*Extracted data*
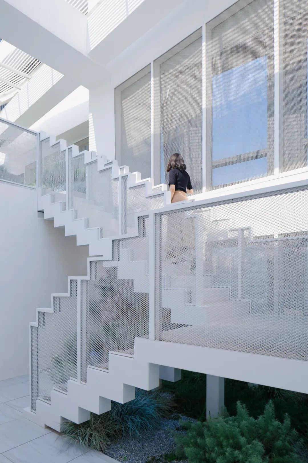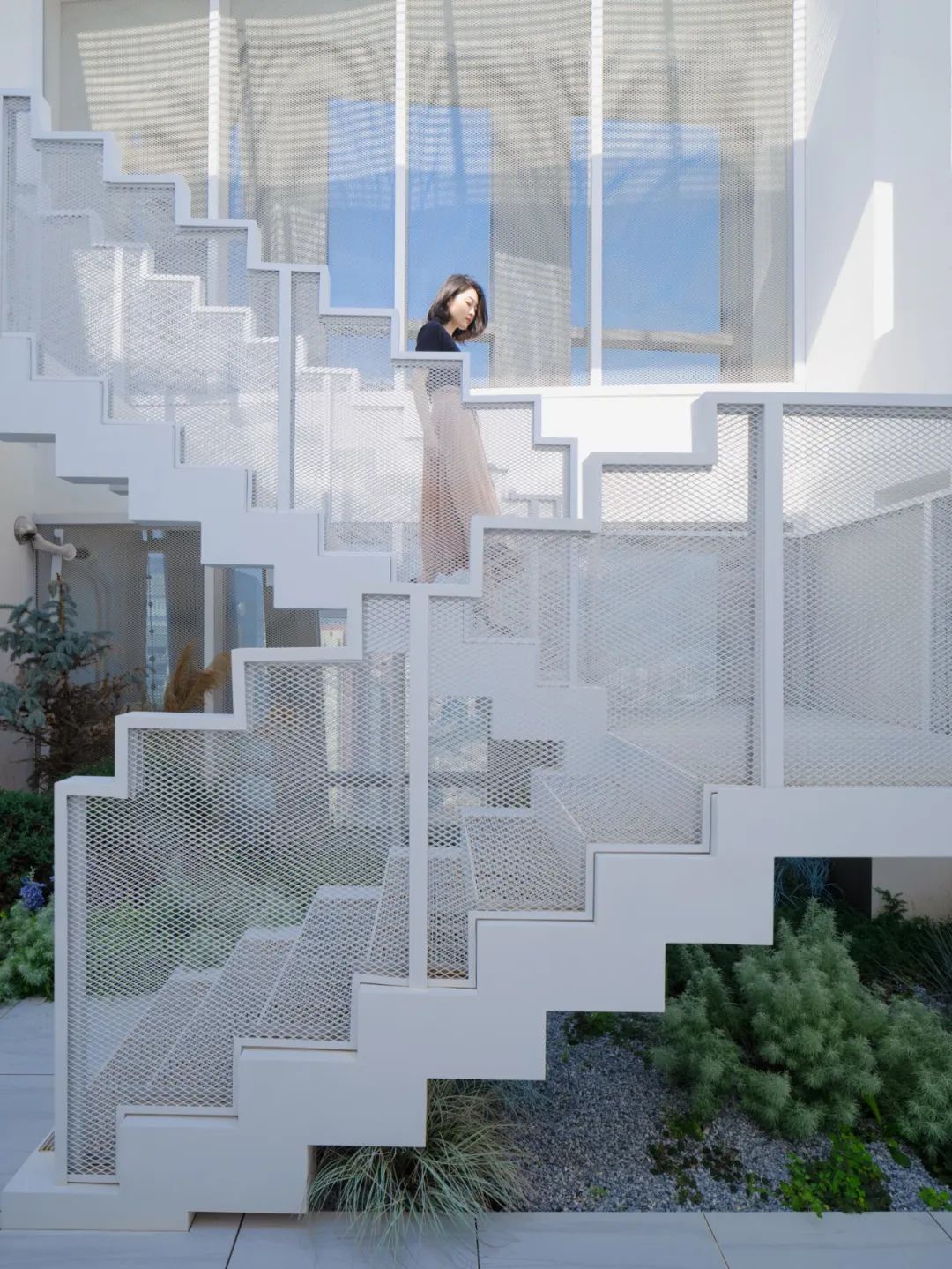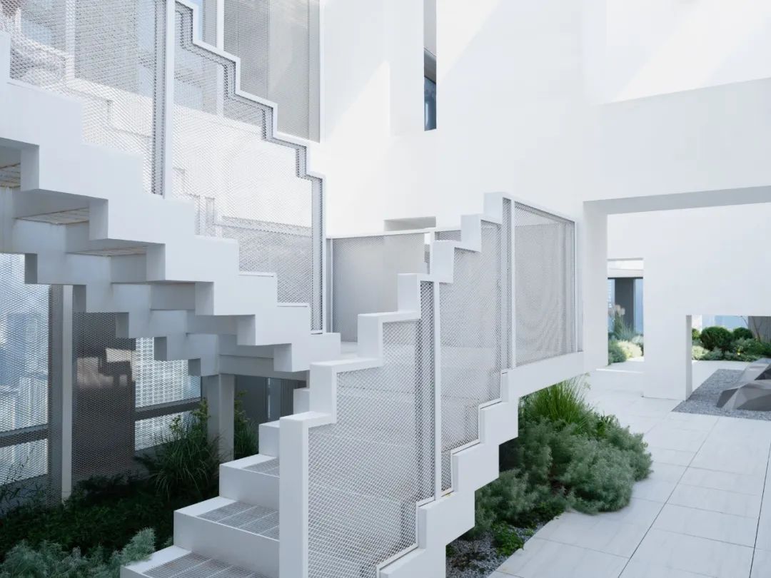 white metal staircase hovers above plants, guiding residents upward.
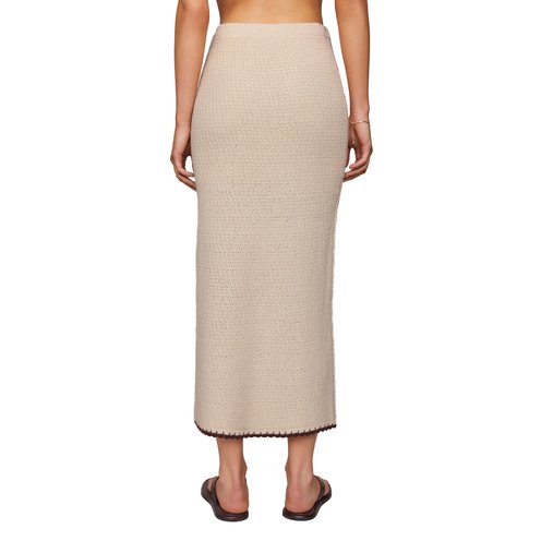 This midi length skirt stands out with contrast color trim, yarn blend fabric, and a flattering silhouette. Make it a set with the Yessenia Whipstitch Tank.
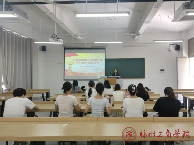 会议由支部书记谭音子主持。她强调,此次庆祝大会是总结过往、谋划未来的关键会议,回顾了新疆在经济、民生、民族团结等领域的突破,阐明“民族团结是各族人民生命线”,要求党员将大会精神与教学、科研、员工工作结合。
--
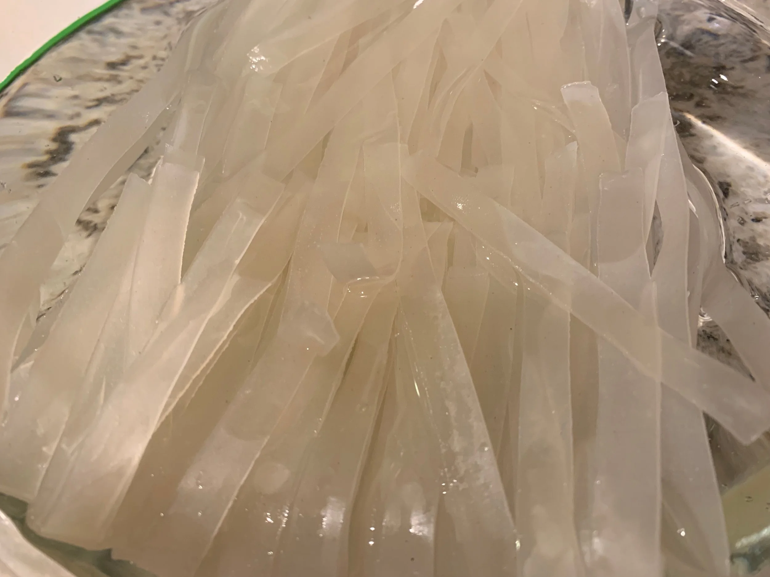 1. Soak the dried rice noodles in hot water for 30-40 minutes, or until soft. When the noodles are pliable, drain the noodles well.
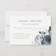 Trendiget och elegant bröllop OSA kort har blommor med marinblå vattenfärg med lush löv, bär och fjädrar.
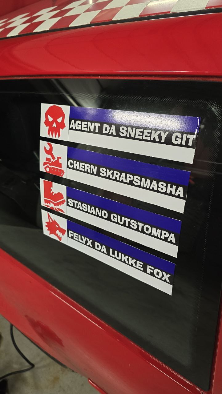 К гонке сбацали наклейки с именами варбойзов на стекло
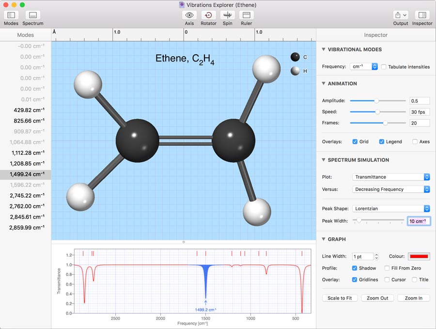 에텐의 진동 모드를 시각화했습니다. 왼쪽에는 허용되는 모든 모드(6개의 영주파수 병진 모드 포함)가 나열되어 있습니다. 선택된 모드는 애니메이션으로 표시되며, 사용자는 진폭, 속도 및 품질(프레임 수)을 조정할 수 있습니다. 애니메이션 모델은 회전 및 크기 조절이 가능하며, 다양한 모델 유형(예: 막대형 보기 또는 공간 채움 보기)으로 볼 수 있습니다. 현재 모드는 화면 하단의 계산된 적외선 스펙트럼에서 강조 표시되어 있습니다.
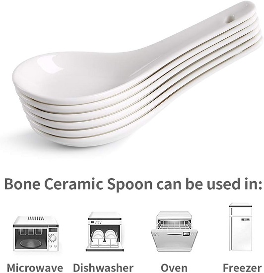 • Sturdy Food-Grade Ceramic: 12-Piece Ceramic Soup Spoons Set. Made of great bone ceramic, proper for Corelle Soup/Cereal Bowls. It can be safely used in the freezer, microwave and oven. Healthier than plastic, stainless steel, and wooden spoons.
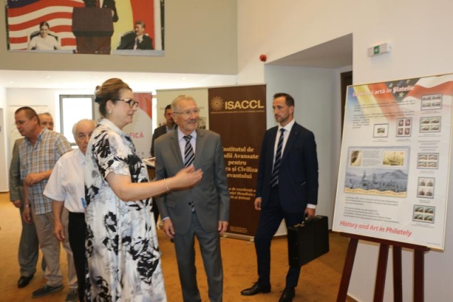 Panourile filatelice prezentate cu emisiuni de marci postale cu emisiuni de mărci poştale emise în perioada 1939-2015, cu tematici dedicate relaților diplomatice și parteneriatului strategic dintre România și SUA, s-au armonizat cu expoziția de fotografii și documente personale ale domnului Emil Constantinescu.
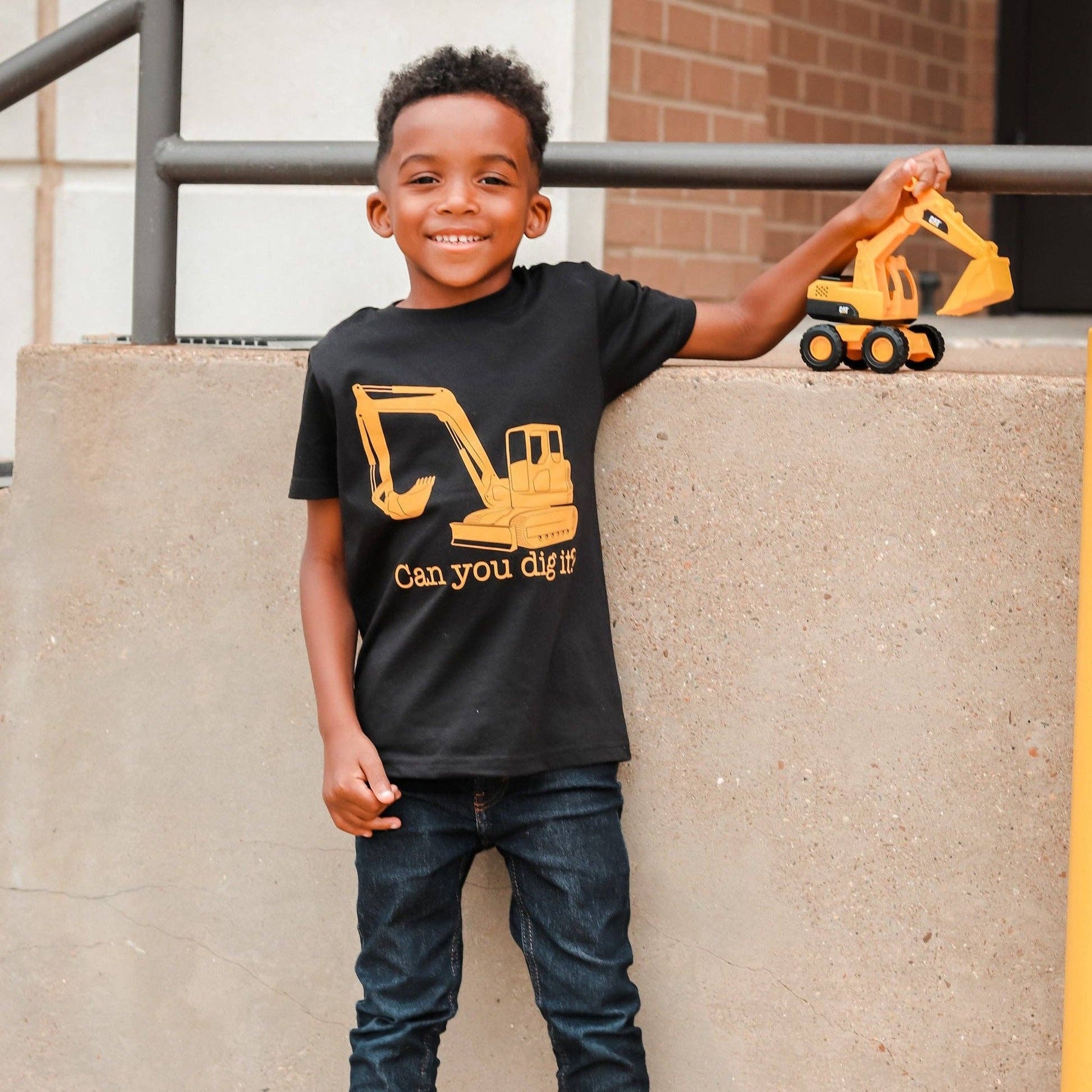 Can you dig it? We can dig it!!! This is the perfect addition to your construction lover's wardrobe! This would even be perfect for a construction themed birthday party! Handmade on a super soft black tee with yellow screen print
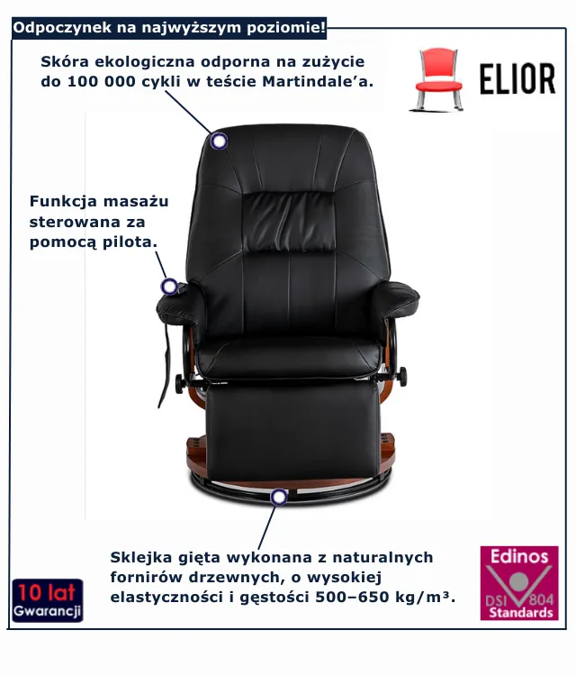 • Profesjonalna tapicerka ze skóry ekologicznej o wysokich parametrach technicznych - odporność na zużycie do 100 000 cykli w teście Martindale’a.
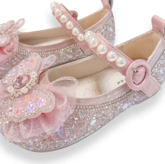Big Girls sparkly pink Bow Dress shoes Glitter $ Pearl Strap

*Exercise*
With the pictures removed, print only the lines starting at the line that has "1. Soak the" and ending at the line that has "에텐의 진동 모드를 시각화했습니다.", both ends included, exactly as they stand above.

*Answer for this exercise*
 1. Soak the dried rice noodles in hot water for 30-40 minutes, or until soft. When the noodles are pliable, drain the noodles well.
 Trendiget och elegant bröllop OSA kort har blommor med marinblå vattenfärg med lush löv, bär och fjädrar.
 К гонке сбацали наклейки с именами варбойзов на стекло
 에텐의 진동 모드를 시각화했습니다. 왼쪽에는 허용되는 모든 모드(6개의 영주파수 병진 모드 포함)가 나열되어 있습니다. 선택된 모드는 애니메이션으로 표시되며, 사용자는 진폭, 속도 및 품질(프레임 수)을 조정할 수 있습니다. 애니메이션 모델은 회전 및 크기 조절이 가능하며, 다양한 모델 유형(예: 막대형 보기 또는 공간 채움 보기)으로 볼 수 있습니다. 현재 모드는 화면 하단의 계산된 적외선 스펙트럼에서 강조 표시되어 있습니다.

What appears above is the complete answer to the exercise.